Впоследствии его сестра Наталия Фёдоровна, которую мы называли «сестрой любовника моей бабушки», рассказывала, что уже расставшись с Евгенией Александровной и узнав многих женщин, он так и не нашёл достойной замены.
Саша Бартеньев был большим любителем техники, он собрал трёхколесный автомобиль, на котором мы ездили в Елисеевский магазин за продуктами. По дороге иногда останавливались, собиралось много мальчишек, он ласково гладил их по головкам. Я удивлялся: «Зачем ты их приваживаешь?» Однажды он объяснил: «А чем руки-то вытирать?» Руки у него всегда были в масле…
Как и многие друзья нашей семьи, он был лишенцем из-за социального происхождения, ему не дали окончить вуз. В то время я уже знал, что для русского интеллигентного человека нормально отсидеть в Бутырке, и научился контролировать своё общение с посторонними. Значительная часть внешнего мира стала для меня чужбиной, что не могло не повлиять на психику. Хотя эти обстоятельства никак не воздействовали на патриотические чувства в духе графа Алексея Константиновича Толстого (не путайте с Алексеем Николаевичем).

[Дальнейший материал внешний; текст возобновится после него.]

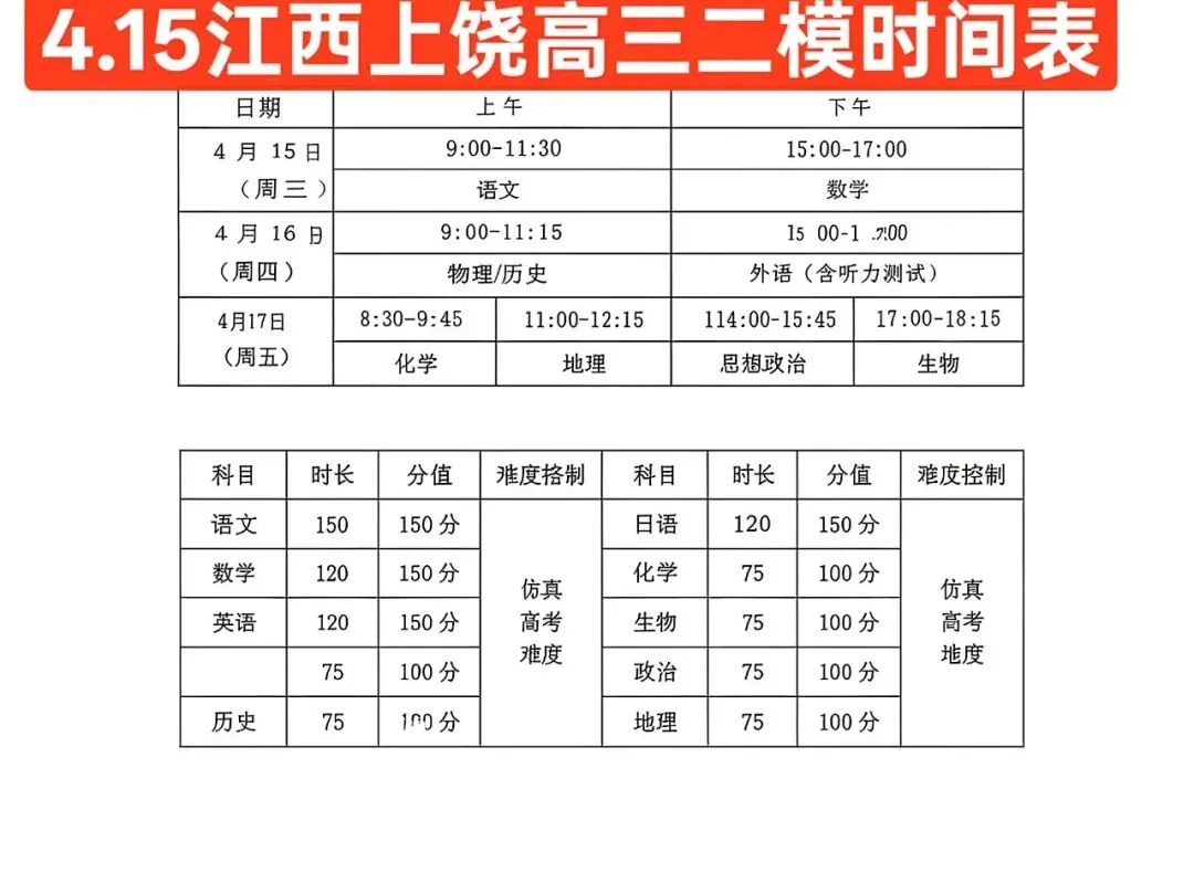 考试名称:上饶二模上饶市2026届高三年级第二次高考模拟考试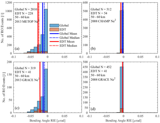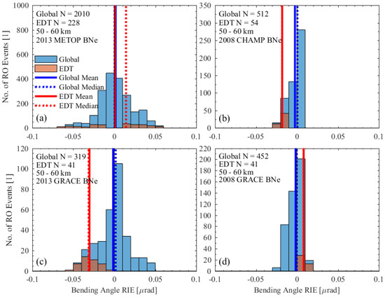 Relationship between the histogram distribution of the number of RO events and the average value of the bi-local BNe term over 50–60 km impact altitude range for high solar activity data (left column, MetOp-A/-B (a) and GRACE (c) on 15 May and 15 July 2013) and low solar activity data (right column, CHAMP (b) and GRACE (d) on 14–16 July 2008). In each panel, the global (blue) and EDT (red) ensembles are presented as well as the global mean, global median, EDT mean, and EDT median as vertical lines in the corresponding colors (see legend in panel (a)).
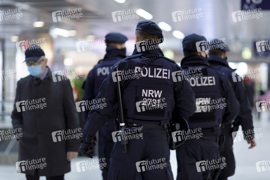 Polizisten sichern am Düsseldorfer HBF die An- und Abreise von Hooligans anlässlich der Querdenken-Demo im Rheinpark Golzheim. Düsseldorf, 06.12.2020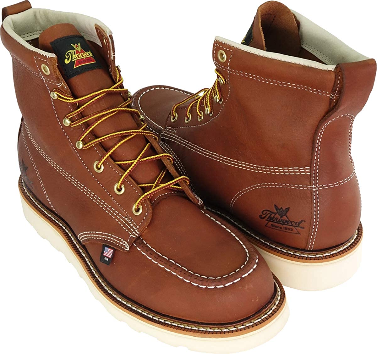 Thorogood American Heritage 6” Moc Toe Work Boots For Men - Premium Breathable Non-Safety Toe Leather Boots with Slip-Resistant MAXWear Wedge Outsole; ASTM Rated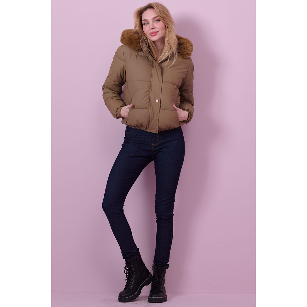 Jaqueta Puffer Com Capuz Planet Girls Caqui

Начался последний предвоенный период в Москве. Мама, видимо, уже была больна. Я жил с бабушкой, иногда с отцом. Помню поход с ним на Сельскохозяйственную выставку. Роскошь павильонов. Замечательные макеты плотин, заводов. Полностью автоматизированная по американскому образцу куриная ферма. Дико растущий ананас — школьный символ буржуазного рая. И фрукты! Настоящие фрукты! Среднеазиатские груши, в которые погружаешься по уши и которые текут на живот, крымский налив, настоящая антоновка… Куда всё девалось? И не только у нас, но и во всём цивилизованном мире?! Бабушка была из Мичуринска и вовсю ругала соседа-помещика за то, что он перепортил все яблоки в России, следуя за каким-то американцем, который перепортил их в Америке, а потом почти везде.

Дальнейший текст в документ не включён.